"Ya, bu." Matanya yang bening memandangi saya, lalu melirik makanan yang sedang diramu pedagang.
"Memangnya, tadi pagi nggak sarapan?" Usil, saya memang usil, mau tahu urusan orang.
"Sudah." Jawab anak yang kira-kira kelas 2-3 SD.
"Ini lapar lagi?" Ih, ibuk-ibuuk. Tanya terus.
"Ya ..."
"Memang nggak bawa bekal dari rumah?" Yah, saya mirip wartawan wawancara narsum. Mengejar pertanyaan satu demi satu, tak pernah berhenti.
"Kata mama, dikasih duit Rp 15.000,00 saja biar praktis. Takutnya nanti dibekali dari rumah nggak dimakan karena nggak suka. Sudah repot, mubadzir."
Saya melongo. Limabelas ribu atau satu euro, sudah banyak untuk anak Indonesia karena bisa dapat paling tidak tiga jajanan. Kalau di Jerman cuma dapat satu permen kojek alias lolipop. Atau bisa juga beli satu jajan, sisanya (Rp 10.000) disimpan atau untuk beli mainan, bukan?
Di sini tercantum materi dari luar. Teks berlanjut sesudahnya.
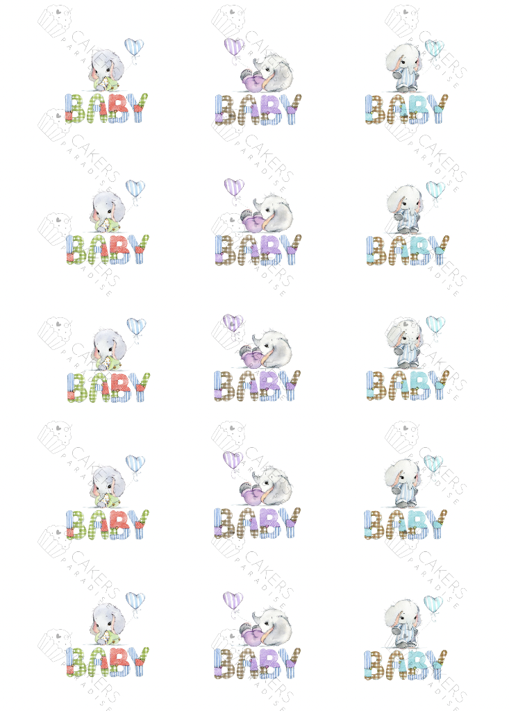 2" Cupcake Edible Icing Image - Cute Elephants

Lain halnya dengan di Jerman, SD di kampung kami hanya sampai kelas 4. Bersyukur bahwa SD kampung kami itu tidak ada kantin atau penjual seperti di tanah air di depan sekolah. Anak-anak kami, yang SD sampai SMP masih mau dibekali kotak makanan kecil. Isinya bisa bervariasi. Mulai dari Vesper (roti tawar atau roti kering lain dengan isi daging salami, selai atau keju), sandwich (dibakar), hamburger, sosis, buah, wortel, kek atau kuweh (entah buatan sendiri atau dari beli).
Minum untuk mereka hanya ada dua jenis; air putih atau Apfelschoerle (jus apel dicampur air putih bergas). Minuman seperti cola, teh, jus dan sejenisnya, dilarang oleh pihak sekolah. Bahkan di SMP/SMA ada dispenser air putih untuk semua siswa, gratis ada di aula atau lorong sekolah. Pembeliannya gotong royong dari orang tua murid.
Nah, baru ketika ada sekolah sore, saya beri uang makan barang 3,50. Kelas 5-10 untuk Realschule atau kelas 5-12 untuk Gymnasium, anak-anak harus pindah ke kota. Di sana tersedia kantin sekolah, di mana anak-anak bisa jajan roti, makanan pokok kebanyakan orang Jerman, pada saat istirahat 1-2 atau makan siang sebelum sekolah siang di kantin. Meskipun dekat dengan pusat kota, harus ada surat perjanjian dari pihak orang tua yang menerangkan bahwa pihak sekolah diijinkan untuk melepas mereka ke luar dari gedung sekolah untuk cari tempat makan lainnya.